Your assignment: Everything in the listing below should be written out again exactly, except the pictures.

The data:

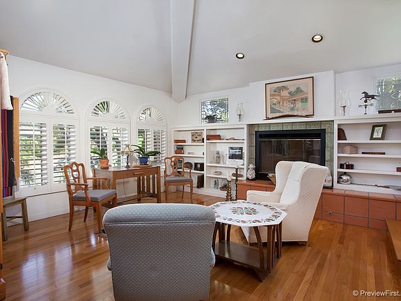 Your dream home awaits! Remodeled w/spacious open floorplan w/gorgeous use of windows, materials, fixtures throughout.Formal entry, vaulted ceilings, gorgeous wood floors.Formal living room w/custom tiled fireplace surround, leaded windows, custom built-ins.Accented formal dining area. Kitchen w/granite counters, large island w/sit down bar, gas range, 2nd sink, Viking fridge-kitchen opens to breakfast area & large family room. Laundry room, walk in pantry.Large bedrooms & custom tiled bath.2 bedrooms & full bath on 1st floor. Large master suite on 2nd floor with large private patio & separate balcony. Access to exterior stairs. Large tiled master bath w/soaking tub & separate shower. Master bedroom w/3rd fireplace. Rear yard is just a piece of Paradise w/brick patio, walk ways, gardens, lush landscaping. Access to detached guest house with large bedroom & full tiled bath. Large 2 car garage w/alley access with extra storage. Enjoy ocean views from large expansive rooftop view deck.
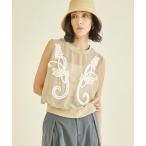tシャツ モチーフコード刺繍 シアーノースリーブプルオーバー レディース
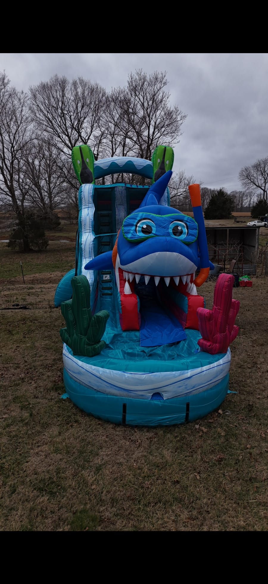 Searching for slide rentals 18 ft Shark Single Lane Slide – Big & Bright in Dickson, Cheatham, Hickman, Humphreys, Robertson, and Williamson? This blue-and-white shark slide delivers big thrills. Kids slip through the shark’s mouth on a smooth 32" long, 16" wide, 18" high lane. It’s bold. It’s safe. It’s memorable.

Expected answer:
 Your dream home awaits! Remodeled w/spacious open floorplan w/gorgeous use of windows, materials, fixtures throughout.Formal entry, vaulted ceilings, gorgeous wood floors.Formal living room w/custom tiled fireplace surround, leaded windows, custom built-ins.Accented formal dining area. Kitchen w/granite counters, large island w/sit down bar, gas range, 2nd sink, Viking fridge-kitchen opens to breakfast area & large family room. Laundry room, walk in pantry.Large bedrooms & custom tiled bath.2 bedrooms & full bath on 1st floor. Large master suite on 2nd floor with large private patio & separate balcony. Access to exterior stairs. Large tiled master bath w/soaking tub & separate shower. Master bedroom w/3rd fireplace. Rear yard is just a piece of Paradise w/brick patio, walk ways, gardens, lush landscaping. Access to detached guest house with large bedroom & full tiled bath. Large 2 car garage w/alley access with extra storage. Enjoy ocean views from large expansive rooftop view deck.
tシャツ モチーフコード刺繍 シアーノースリーブプルオーバー レディース
 Searching for slide rentals 18 ft Shark Single Lane Slide – Big & Bright in Dickson, Cheatham, Hickman, Humphreys, Robertson, and Williamson? This blue-and-white shark slide delivers big thrills. Kids slip through the shark’s mouth on a smooth 32" long, 16" wide, 18" high lane. It’s bold. It’s safe. It’s memorable.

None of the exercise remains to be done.